Comments from practitioners deploying these systems would be valuable.
Deadline: March 9, 2026, 11:59 PM ET Submit: https://www.regulations.gov/commenton/NIST-2025-0035-0001
Priority questions (if limited time): 1(a), 1(d), 2(a), 2(e), 3(a), 3(b), 4(a), 4(b), 4(d)
Full 43-question RFI at link above.
A model layer vulnerability looks nothing like a tool-use layer vulnerability.. but most framework still treats "the AI system" as one blob.
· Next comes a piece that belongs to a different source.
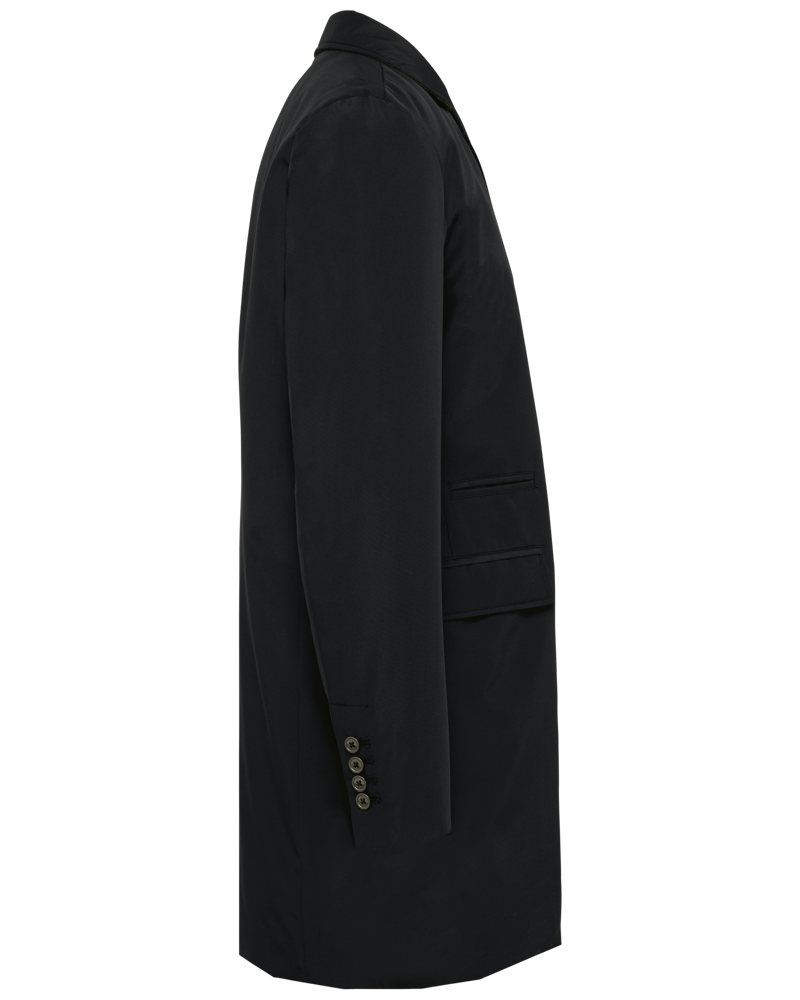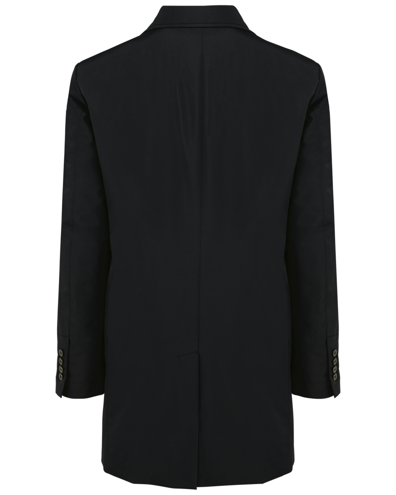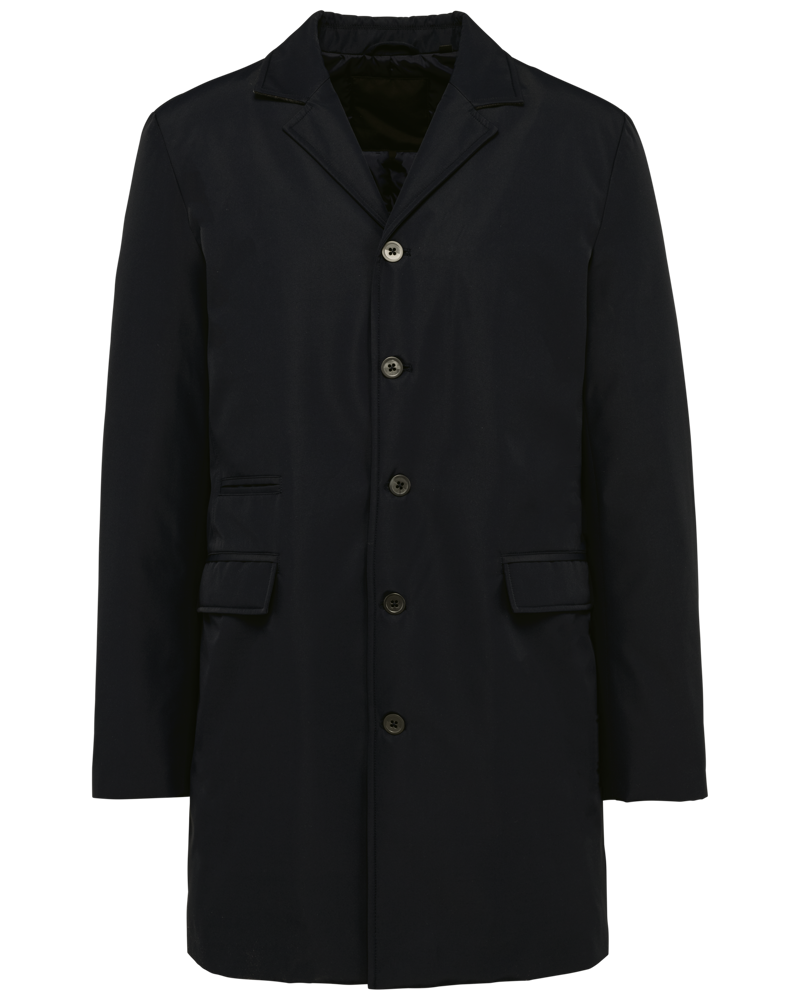 100 % Polyester. 3 verklebte Lagen. Vollständig wasserdichter Stoff 8.000 mm. Thinsulate®-Futter. Windjacke mit Kostümkragen und Kragen mit kontrastfarbenem Filz auf der Innenseite. Metallknöpfe auf der Vorderseite. Metallknöpfe an den Ärmelbündchen. 2 Fronttaschen mit Klappe und 1 Paspeltasche rechts. Brusttasche mit Reißverschluss. Schlitz unten am Rücken mit Druckknopf. Schlaufe am Halsausschnitt zum Aufhängen des Trenchcoats. Reißverschluss zur Veredelung innen, hinten am Saum und auf der Brusttasche. Patch zur Veredelung oben am Rücken. Kein Markenetikett, nur Größenkennzeichnung für eine leichtere Veredelung.

But probably nobody who owns the audit trail when an agent chain spans six vendors.
Wrote about this layering in an article last month: https://philippdubach.com/posts/dont-go-monolithic-the-agent...
A more recent release:
Announcing the "AI Agent Standards Initiative" for Interoperable and Secure Innovation
https://www.nist.gov/news-events/news/2026/02/announcing-ai-...
(Disclaimer: working on this problem at tenuo.ai)
As agentic systems seem to mainly interoperate with REST style systems I suspect that using URIs for resource use descriptions would be more natural.
CodeAct is one way to abstract away some things, and bring others to the forefront. Especially when it comes to anything requiring a sidecar for mTLS, or something agents must be aware of, like error handling for whenever some call fails deep inside the stack. Troubleshooting access issues is key, during tool development and when using said tool in production, too. For many, many things, CodeAct is simply superior to naive calling conventions that you see around MCP clients, think OpenAPI.